> [SOURCE MATERIAL]:
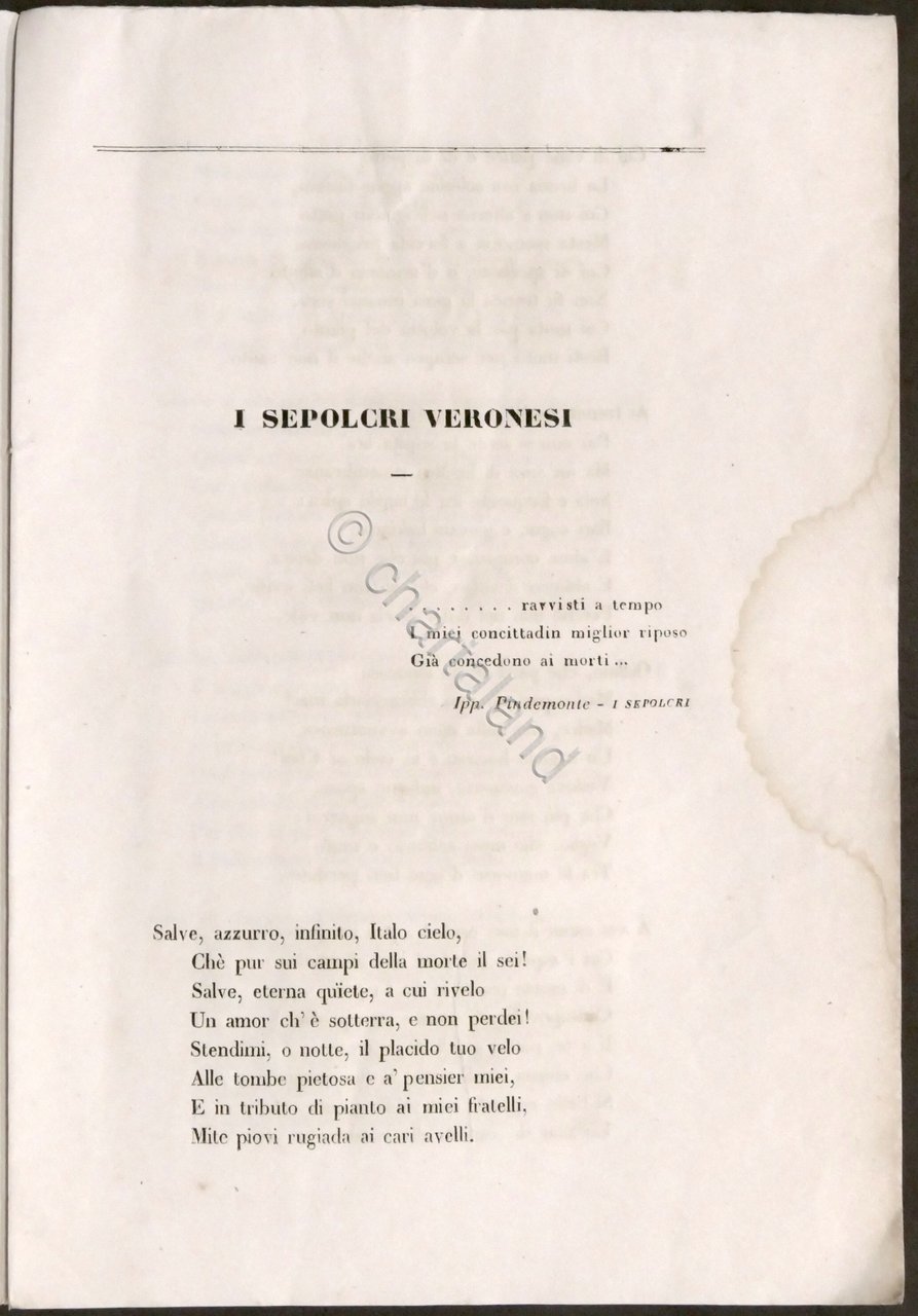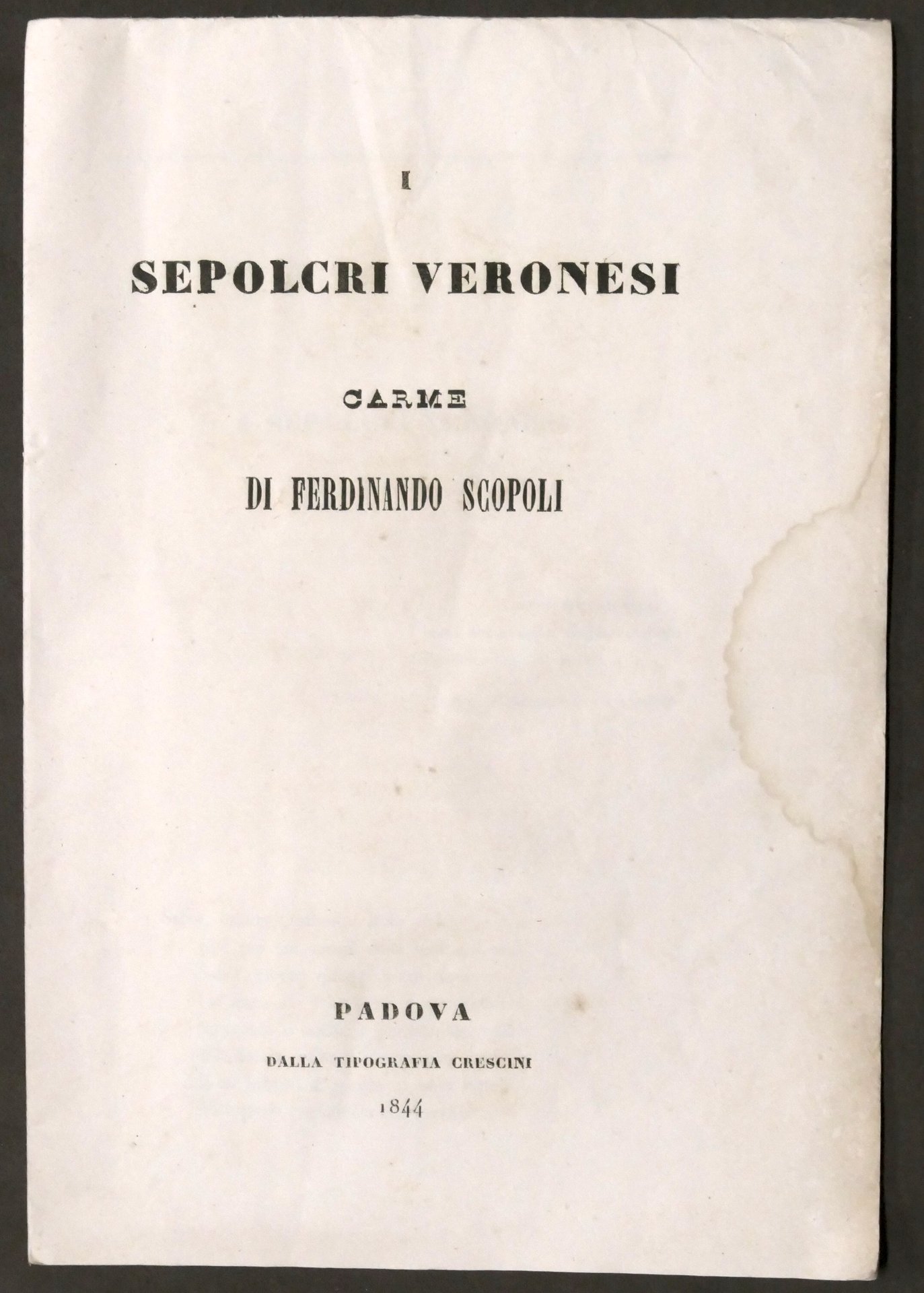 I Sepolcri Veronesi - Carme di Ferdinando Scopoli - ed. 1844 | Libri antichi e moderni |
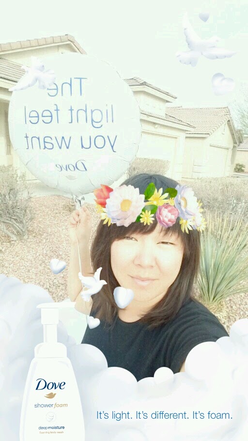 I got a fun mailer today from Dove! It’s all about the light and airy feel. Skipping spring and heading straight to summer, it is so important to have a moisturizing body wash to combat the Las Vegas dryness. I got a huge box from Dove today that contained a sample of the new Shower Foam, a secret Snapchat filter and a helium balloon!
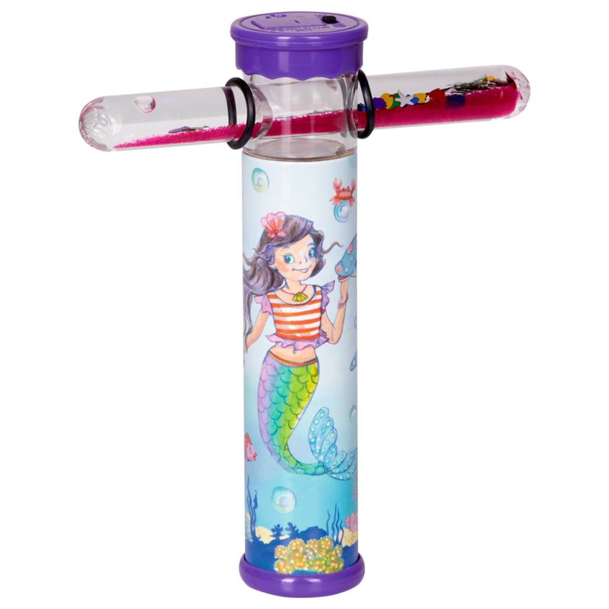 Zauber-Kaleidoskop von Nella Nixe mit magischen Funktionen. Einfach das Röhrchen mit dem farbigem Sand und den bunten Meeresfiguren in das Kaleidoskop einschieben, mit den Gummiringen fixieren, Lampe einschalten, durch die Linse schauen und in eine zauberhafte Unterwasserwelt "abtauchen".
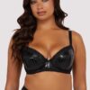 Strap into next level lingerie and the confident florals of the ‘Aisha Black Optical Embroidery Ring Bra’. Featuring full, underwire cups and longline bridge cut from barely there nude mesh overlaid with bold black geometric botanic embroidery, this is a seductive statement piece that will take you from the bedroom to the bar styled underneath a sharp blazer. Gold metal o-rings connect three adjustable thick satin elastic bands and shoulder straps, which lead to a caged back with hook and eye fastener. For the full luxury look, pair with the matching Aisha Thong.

> [REQUIREMENT]:
Above, find the line with "I got a fun"; copy it and every line down to the line with "Zauber-Kaleidoskop von Nella", exactly and both included, but no pictures.

> [YOUR RESPONSE]:
 I got a fun mailer today from Dove! It’s all about the light and airy feel. Skipping spring and heading straight to summer, it is so important to have a moisturizing body wash to combat the Las Vegas dryness. I got a huge box from Dove today that contained a sample of the new Shower Foam, a secret Snapchat filter and a helium balloon!
 Zauber-Kaleidoskop von Nella Nixe mit magischen Funktionen. Einfach das Röhrchen mit dem farbigem Sand und den bunten Meeresfiguren in das Kaleidoskop einschieben, mit den Gummiringen fixieren, Lampe einschalten, durch die Linse schauen und in eine zauberhafte Unterwasserwelt "abtauchen".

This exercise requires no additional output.